New Acquisitions
Early Spring, 1917
20¼ x 28¼ inches
Signed and dated lower right: Chas Burchfield / 1917
Provenance
ACA Galleries, New York, New York
Dr. and Mrs. Max Ellenberg, Montague, New Jersey, by 1970 Gerald Peters Gallery, New York, New York, 1998
Private collection, New York, acquired from the above, 2012 The Greenberg Gallery, St. Louis, Missouri
Private collection, acquired from above, 2017
Sale, Christie’s, New York, New York, April 17, 2026, lot 129
Exhibited
ACA Galleries, New York, New York, Second Annual Art on Paper, December 2, 1969 – January 3, 1970.
Somerville Manning Gallery, Greenville, Delaware, American Masters: Art of the 19th, 20th and 21st Centuries, April 16-June 5, 2010.

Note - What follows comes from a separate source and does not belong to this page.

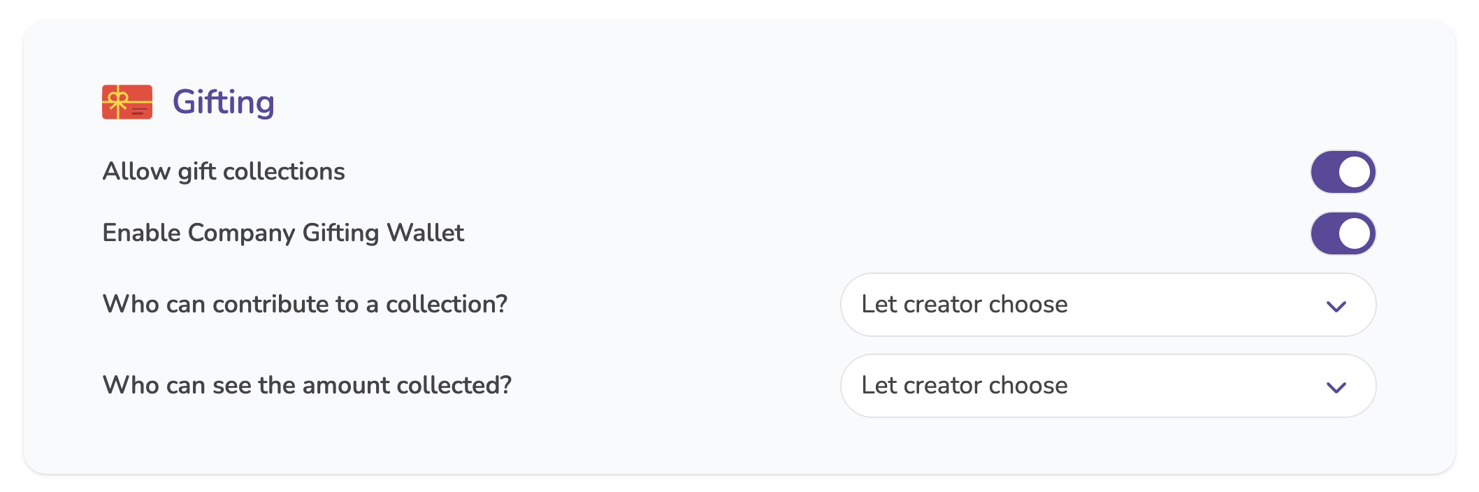 Choose whether the Company Gifting Wallet feature is enabled in your organization.
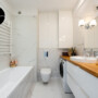 Łazienka: Wykończona w wysokim standardzie z meblami od stolarza.

Gerald Peters Gallery, New York, New York, Defining Modern, May 10-June 8, 2012.
Literature
J.S. Trovato, Charles Burchfield: Catalogue of Paintings in Public and Private Collections, Utica, New York, 1970,
59, 354, no. 281.
Related Works
Black Hollow (Black Void), 1917, watercolor on paper, 22 x 18 inches, signed lower right; Burchfield Penny Art Center, Buffalo State University, Buffalo, New York
An April Mood, watercolor and charcoal on joined paper, 40 x 54 inches, signed with monogram and dated lower right: CEB / 1955; Whitney Museum of American Art, New York, New York
Note
In 1912, Charles Burchfield began his studies at the Cleveland School of Art. Upon graduation in 1916, he moved to New York, where he received a scholarship to the National Academy of Design. In 1917, at the age of twenty-four, he returned to Salem, Ohio, and experienced what he would later call his “golden year,” during which his observations of nature evolved into a more stylized, abstract mode punctuated with symbolic representations. Early Spring was completed during this watershed year in his career. Indeed, Burchfield was so energized in 1917 that at times he produced watercolors at a rate of two or three a week. It was in this year that he began to fully develop his philosophy of incorporating whimsical representations of nature to evoke a deeper spiritual meaning. As seen in the present work, Burchfield’s technique of expressing movement, and even sound, allows the viewer to imagine the rustling of branches and the sound of the flowing stream.